Judo fucking troll master Miller huffs and puffs: "Jim, I am SHOCKED at your statement, that only people from England and Australia know English..." And he does the reverso troll spinabout on him. I love it.
Having not read much more about this new policy than the headline, I think it's dumb.
I do think Stephen Miller did a very nice job of rebutting Acosta on this, and shoving it up Acosta and thereby CNN's ass.
That said, on Twitter, Miller (who is Jewish) use of "cosmopolitan" is now being called a dalliance with anti-semitism, apparently post WWII (or maybe even earlier), "rootless cosmopolitan" was a dog whistle for Jews.
en.wikipedia org/wiki/Rootless_cosmopolitan
Rootless cosmopolitan (Russian: безродный космополит, bezrodnyi kosmopolit) was a pejorative label used during the anti-Semitic campaign in the Soviet Union after World War II.[1] Cosmopolitans were intellectuals who were accused of expressing pro-Western feelings and lack of patriotism. The term "rootless cosmopolitan" referred to Jewish intellectuals. It was popularized during the campaign in a Pravda article condemning a group of theatrical critics
Regardless, I don't understand the basic complaint.
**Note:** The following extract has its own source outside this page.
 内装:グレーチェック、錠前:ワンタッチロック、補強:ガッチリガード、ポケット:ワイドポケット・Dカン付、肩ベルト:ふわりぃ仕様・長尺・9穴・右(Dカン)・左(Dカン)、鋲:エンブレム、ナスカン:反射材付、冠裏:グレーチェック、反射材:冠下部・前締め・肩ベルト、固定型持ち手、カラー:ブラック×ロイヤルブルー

So "alt-right" trumpetariat is actually anti-semitic by claiming that CNN's Acosta is a Jew lover by claiming that only the UK and Australia speak English?
That argument seems wildly incoherent at anything other than the surface, "gotcha" level of saying Miller laid out an anti-semitic dog whistle.
Here's esquire explaining (?)
esquire com/news-politics/politics/news/a56782/stephen-miller-jim-acosta/
The Historical Significance of 'Cosmopolitan' as an Insult
Stephen Miller hurled it at CNN's Jim Acosta today inside the White House.
BY CHARLES P. PIERCE
AUG 2, 2017
Anyone who attended one of the president*'s campaign rallies learned two things: 1) that it is possible to get sick of hearing "You Can't Always Get What You Want," and 2) that of all the warm-up acts, Stephen Miller was the most thuggish. He was pure Trumpian Id, especially on the subject of minorities.
On Wednesday, for reasons known only to whatever critters inhabit the ravines and gullies of the presidential cortex, they trotted Miller out to talk about the administration's new proposal to limit legal immigration.
The way Miller leaned into the word "cosmopolitan" while answering Acosta has a long and ignoble history in 20th century authoritarianism, especially the anti-Semitic variety. During World War II, for example, the Soviet government under Stalin used to rail regularly at "rootless cosmopolitanism," especially in the arts. The Nazis were fond of tossing it around, too. There is no context in which Miller's use of the word against Acosta makes sense except as a historical signaling device.
It still makes no sense as an argument to me to claim Miller was being anti-semitic.
That said, Pierce does have this to say about the Miller mistake re the Statue of Liberty Poem.
Also, Miller doesn't know dick about Emma Lazarus and the Statue of Liberty. She wrote the poem, "The New Colossus," from which the famous lines on the Statue of Liberty's pedestal were taken in 1883 for the purpose of raising funds for … wait for it … the Statue of Liberty.